To determine whether infants have a traumatic response to intimate partner violence (male violence toward their female partner; IPV) experienced by their mothers, two questions were explored: (1) Is the number of infant trauma symptoms related to the infant's temperament and the mother's mental health? (2) Does severity of violence moderate those relationships?


Forty-eight mothers reported whether their 1-year-old infants experienced trauma symptoms as a result of witnessing episodes of IPV during their first year of life. Mothers also reported on their own trauma symptoms that resulted from experiences of IPV.


For those infants experiencing severe IPV and whose mothers exhibit trauma symptoms, we were able to predict whether infants exhibited trauma symptoms (b = .53, p < .01). This was not true for children who witnessed less severe IPV (b= -.14, ns). Maternal depressive symptoms and difficult infant temperament did not predict infant trauma symptoms for either group of infants.

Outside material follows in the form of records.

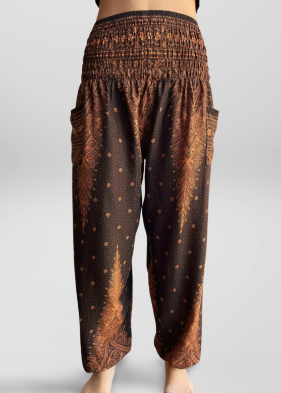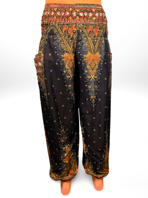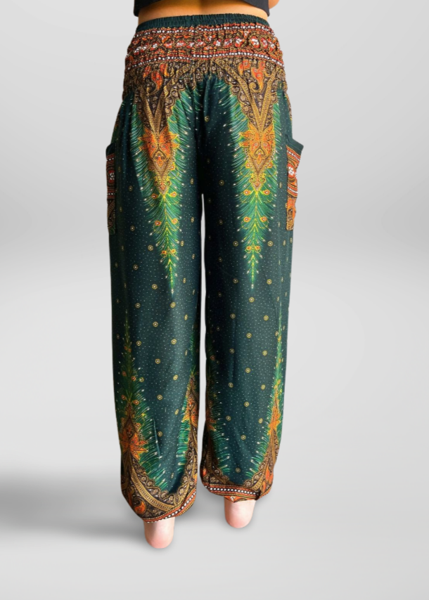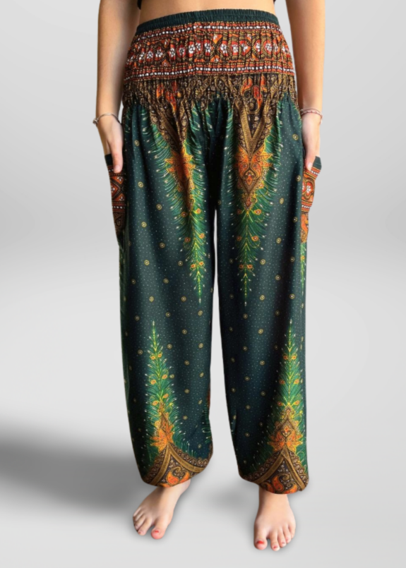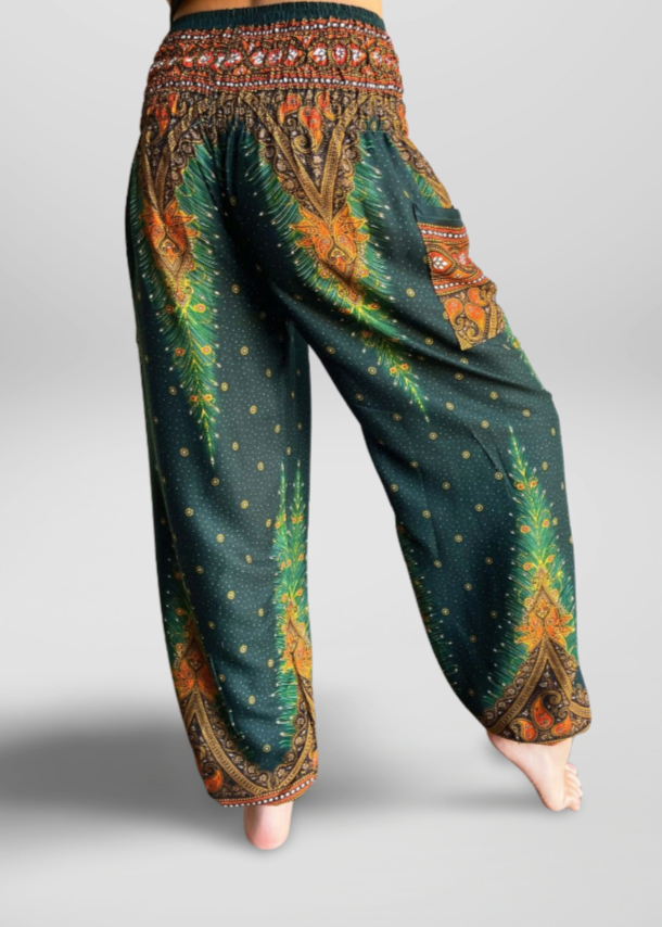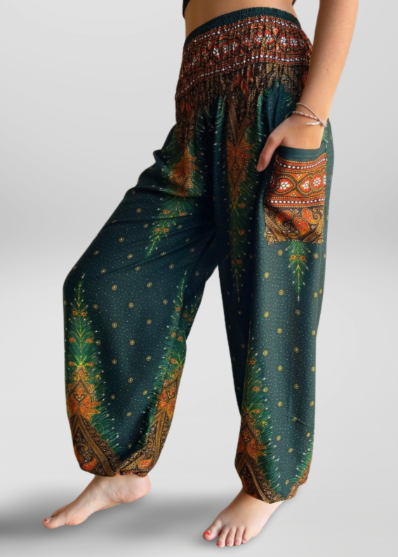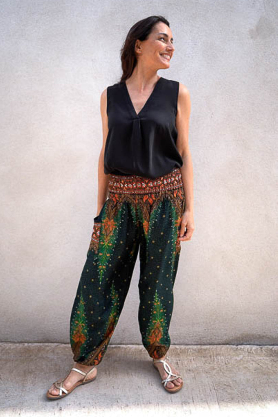 These Thai harem pants with side pockets are the perfect combination of style and functionality. Their design in green and brown tones with decorative details in orange and gold, inspired by traditional Thai patterns, makes them a unique and sophisticated garment.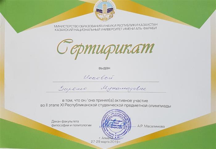 Исаева Зарема XI Республикалық студенттер арасындағы пәндік олимпиадаға белсенді қатысқаны үшін марапатталды. |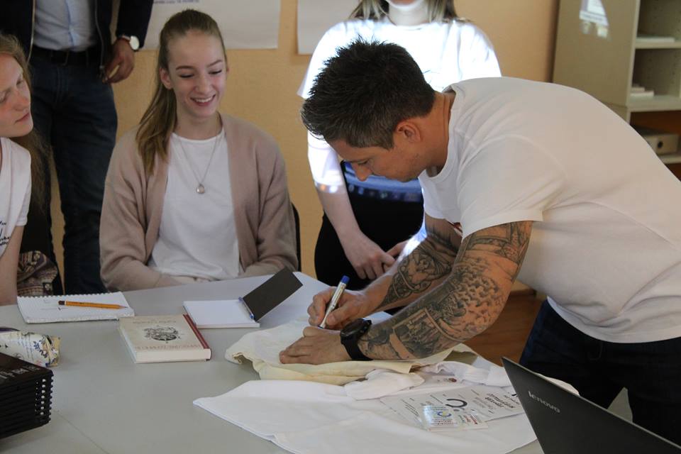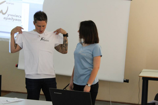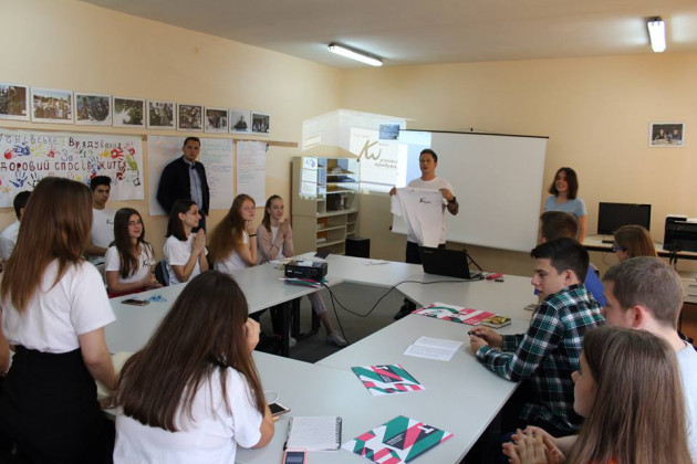 Також на згадку про Медіа-центр голова учнівського врядування міста, учениця УЗОШ №6 Наталія Савко подарувала Олександру Педану фірмову футболку з логотипом учнівського врядування міста Ужгорода. А голова комітету міжнародних відносин, учениця НВК «Гармонія» Антоніна Тегза розповіла про реалізацію екологічного проекту «Дитинство без сміття», у рамках якого планується пошиття екоторб. Для того, щоби заохочувати дітей міста до збереження навколишнього середовища, учениця попросила поставити автограф на одній із таких сумок.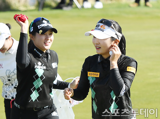 [Á¦ÁÖ=½ºÆ÷Ã÷Åõµ¥ÀÌ ±Ç±¤ÀÏ ±âÀÚ] 2023 KLPGA Åõ¾î °³¸·Àü '·Ôµ¥·»ÅÍÄ« ¿©ÀÚ ¿ÀÇÂ(ÃÑ»ó±Ý 8¾ï ¿ø¡¤¿ì½Â»ó±Ý 1¾ï4400¸¸ ¿ø)' ÃÖÁ¾¶ó¿îµå °æ±â°¡ 9ÀÏ Á¦ÁÖ ¼±ÍÆ÷½Ã ·Ôµ¥½ºÄ«ÀÌÈú Á¦ÁÖ ÄÁÆ®¸®Å¬·´(ÆÄ72¡¤6395¾ßµå)¿¡¼ ¿·È´Ù. ÃÖÁ¾ÇÕ°è 6¾ð´õÆÄ 282Ÿ·Î ¿ì½ÂÇÑ ÀÌ¿¹¿øÀÌ µ¿·áµé·Î ºÎÅÍ ¹°°ú ²É¼¼·Ê¸¦ ¹Þ°í ÀÖ´Ù. 2023.04.09.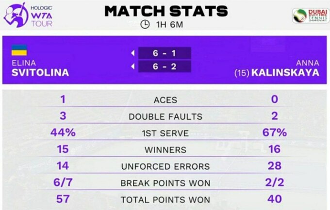 Свитолина уничтожила нейтральную 18-ю ракетку на супертурнире в Дубае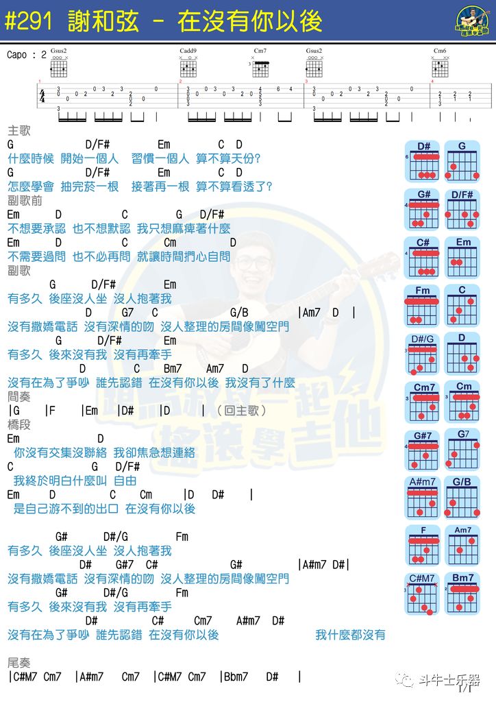谢和弦【在没有你以后】feat.张智成 马叔叔吉他教室歌谱: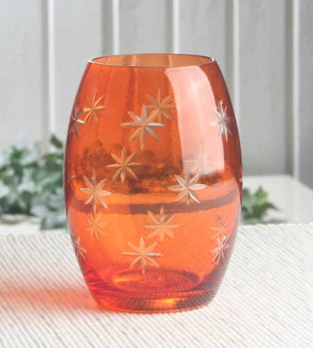 Dieses bauchige Teelicht/Windlicht aus orangefarbenem Glas sorgt für einen ganz besonderen Touch. Durch die eingeschliffenen Sterne erzeugt das Kerzenlicht hübsche Lichteffekte.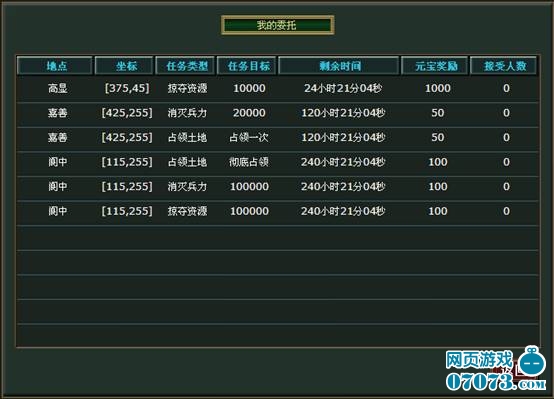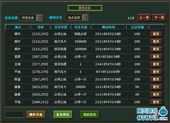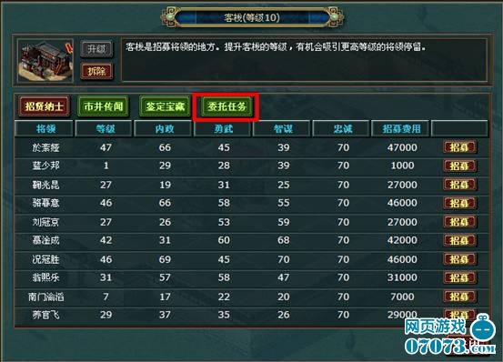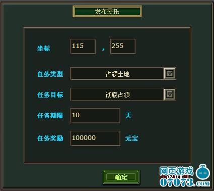 当玩家城池的客栈达到5级以上,爵位达到大夫以上,玩家便可通过委托任务系统发布或接受各种委托任务。

Mothers report that infants as young as 1-year-old can experience trauma symptoms as a result of hearing or witnessing IPV. The significant relationship between infant and maternal trauma symptoms, especially among those infants experiencing severe IPV, are consistent with the theory of relational PTSD. Findings suggest that interventions for mothers and families need to consider the influence of the severity of IPV on very young children.